Refactoring the Length type

CSS length values have a number and a unit, e.g. 5cm or 6px. Sometimes the unit is a percentage, like 50%, and SVG says that lengths with percentage units should be resolved with respect to a certain rectangle. For example, consider this circle element:

<circle cx="50%" cy="75%" r="4px" fill="black"/>

This means, draw a solid black circle whose center is at 50% of the width and 75% of the height of the current viewport. The circle should have a 4-pixel radius.

The process of converting that kind of units into absolute pixels for the final drawing is called normalization. In SVG, percentage units sometimes need to be normalized with respect to the current viewport (a local coordinate system), or with respect to the size of another object (e.g. when a clipping path is used to cut the current shape in half).

One detail about normalization is that it can be with respect to the horizontal dimension of the current viewport, the vertical dimension, or both. Keep this in mind: at normalization time, we need to be able to distinguish between those three modes.

The original C version

I have talked about the original C code for lengths before; the following is a small summary.

The original C code had this struct to represent lengths:

typedef struct {
    double length;
    char factor;
} RsvgLength;

The parsing code would set the factor field to a character depending on the length's unit: 'p' for percentages, 'i' for inches, etc., and '\0' for the default unit, which is pixels.

Along with that, the normalization code needed to know the direction (horizontal, vertical, both) to which the length in question refers. It did this by taking another character as an argument to the normalization function:

double
_rsvg_css_normalize_length (const RsvgLength * in, RsvgDrawingCtx * ctx, char dir)
{
    if (in->factor == '\0')            /* pixels, no need to normalize */
        return in->length;
    else if (in->factor == 'p') {      /* percentages; need to consider direction */
        if (dir == 'h')                                     /* horizontal */
            return in->length * ctx->vb.rect.width;
        if (dir == 'v')                                     /* vertical */
            return in->length * ctx->vb.rect.height;
        if (dir == 'o')                                     /* both */
            return in->length * rsvg_viewport_percentage (ctx->vb.rect.width,
                                                          ctx->vb.rect.height);
    } else { ... }
}

The original post talks about how I found a couple of bugs with how the directions are identified at normalization time. The function above expects one of 'h'/'v'/'o' for horizontal/vertical/both, and one or two places in the code passed the wrong character.

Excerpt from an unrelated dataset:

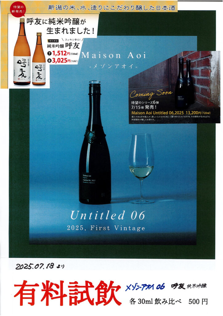 新しい味わいを体験できるチャンスです。7/15(火)新発売の「葵酒造 アンタイトル06」と、朝日酒造 待望の新作「呼吸 純米吟醸」を味わってみませんか?

Making the C version cleaner

Before converting that code to Rust, I removed the pesky characters and made the code use proper enums to identify a length's units.

+typedef enum {
+    LENGTH_UNIT_DEFAULT,
+    LENGTH_UNIT_PERCENT,
+    LENGTH_UNIT_FONT_EM,
+    LENGTH_UNIT_FONT_EX,
+    LENGTH_UNIT_INCH,
+    LENGTH_UNIT_RELATIVE_LARGER,
+    LENGTH_UNIT_RELATIVE_SMALLER
+} LengthUnit;
+
 typedef struct {
     double length;
-    char factor;
+    LengthUnit unit;
 } RsvgLength;

Then, do the same for the normalization function, so it will get the direction in which to normalize as an enum instead of a char.

+typedef enum {
+    LENGTH_DIR_HORIZONTAL,
+    LENGTH_DIR_VERTICAL,
+    LENGTH_DIR_BOTH
+} LengthDir;

 double
-_rsvg_css_normalize_length (const RsvgLength * in, RsvgDrawingCtx * ctx, char dir)
+_rsvg_css_normalize_length (const RsvgLength * in, RsvgDrawingCtx * ctx, LengthDir dir)

Making the C version easier to get right

While doing the last change above, I found a place in the code that used the wrong direction by mistake, probably due to a cut&paste error. Part of the problem here is that the code was specifying the direction at normalization time.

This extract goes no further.